One explanation for the common prevalence of HPV in our study could be HPV transmission through nonpenetrative sexual contact (eg, hand-genital contact and genital-genital contact), which is common among persons self-reporting as virgins. A study of adolescent virgins reported that approximately 30% of self-reported virgins had engaged in masturbation with a partner in the past year [7]. Another study among female virgins reported that finger-vulvar, penile-vulvar, and oral-penile sex increased the risk of genital HPV infection in female virgins [8]. It may be possible that nonpenetrative sexual contact may also increase the risk of genital HPV infection in male virgins; however, our study did not collect data on nonpenetrative sex.
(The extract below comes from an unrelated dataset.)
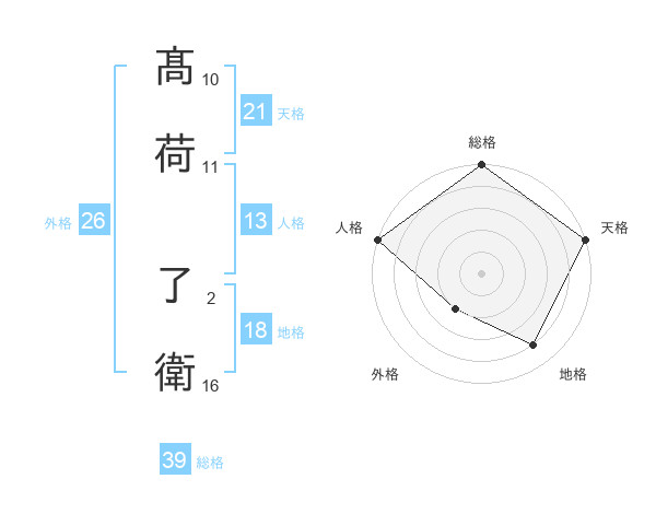 髙荷 了衛さんを姓名の画数から五運を鑑定

Our study observed an association between age and HPV detection among virgins. The HIM study found that age was not associated with acquisition of genital HPV among men in general [9]. In most HPV studies among nonvirgins [10], age has not been associated with genital HPV prevalence, although increasing age was associated with declining genital HPV detection among men in one study [11]; however, the only study finding an increasing prevalence among mostly nonvirgins is the Cuernavaca study among 120 men—a study with very different specimen collection methods, as stated previously [3]. Some reasons for our observation of increasing prevalence with age could be that (1) men may accumulate more chances for HPV acquisition through life through nonsexual means (eg, if there is increasing hand-genital contact with age that produces increased prevalence as a result of hand carriage of HPV [12]) and (2) men may have been more likely to be misclassified as virgins as they increased in age.
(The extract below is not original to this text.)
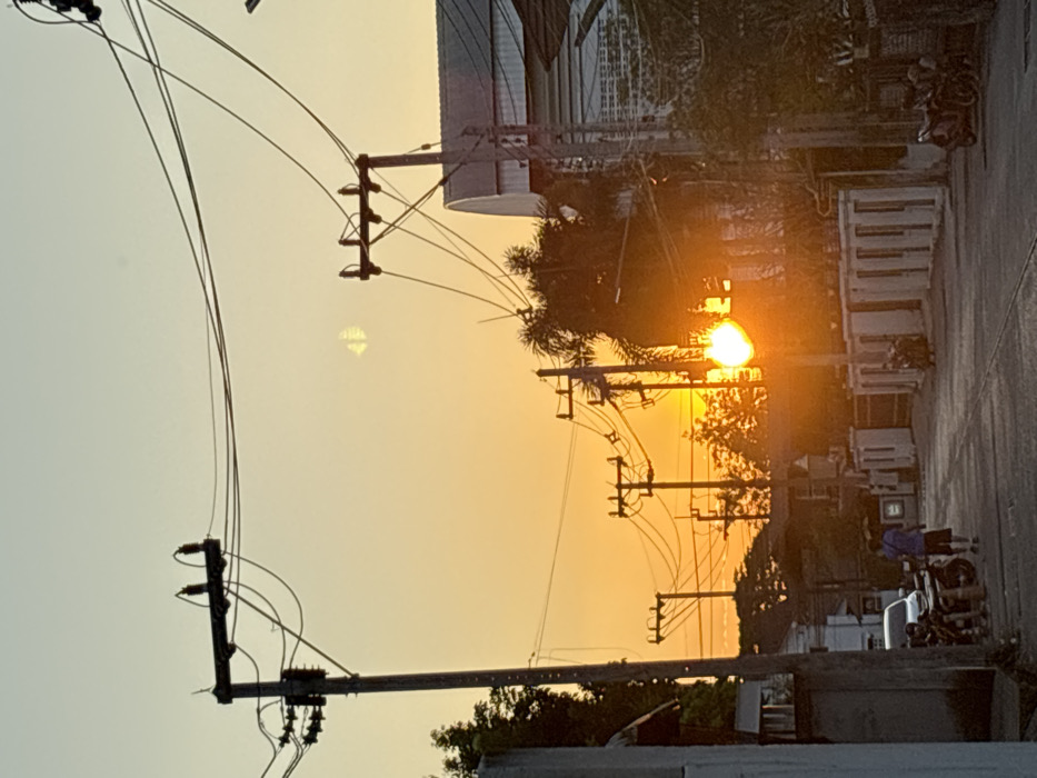 The scene depicts a street in Chiang Rai City Municipality, Thailand, at either sunrise or sunset. The sky is a clear gradient of light orange and yellow, with the sun visible as an intense, overexposed orange orb positioned in the mid-right, partially obscured by trees and utility poles. A translucent, semicircular lens flare artifact is present in the upper center-left sky. Dominant features include numerous dark utility poles with multiple cross arms and insulators, supporting a dense network of black overhead electrical and communication wires that crisscross the upper portion of the frame. On the far left, a light-colored building segment frames the view. A paved street, appearing dark due to backlighting, recedes into the background, curving slightly. On the left side of the street, a white sedan is parked, facing right, with two dark motorcycles parked alongside it. One individual, wearing a dark blue shirt and shorts, walks away from the camera on the left side of the street, towards the background. A second, less distinct individual is visible near the parked motorcycles. Along the right side of the street, a series of uniform, light-colored fence posts or pillars define a property boundary. Further in the background on the right, additional dark motorcycles are parked. Beyond these, structures with dark roofs and walls are visible, including a prominent building with a light-colored, curved roof in the upper right background. Trees with dark foliage are interspersed throughout the scene, silhouetted against the bright sky.

Current smoking was associated with any and high-risk HPV infection, and former smoking was associated with any HPV infection among male virgins. Smoking could increase HPV infection by suppressing the immune system [13]. No data exist on the association between smoking and HPV infection among male virgins; however, our findings are consistent with those in other HPV studies in men that reported an increased risk of genital HPV infection among current smokers [14, 15]. For example, Vaccarella et al [14] found that current (odds ratio, 2.3; 95% CI, 1.1–4.6) and former (odds ratio, 2.3; 95% CI, 1.2–4.3) smokers had higher odds of HPV infection than never smokers. Schabath et al [15] analyzed the baseline data from the HIM Study and observed that current smoking was associated with an increased risk of any and high-risk HPV infection among men reporting fewer or no lifetime sex partners.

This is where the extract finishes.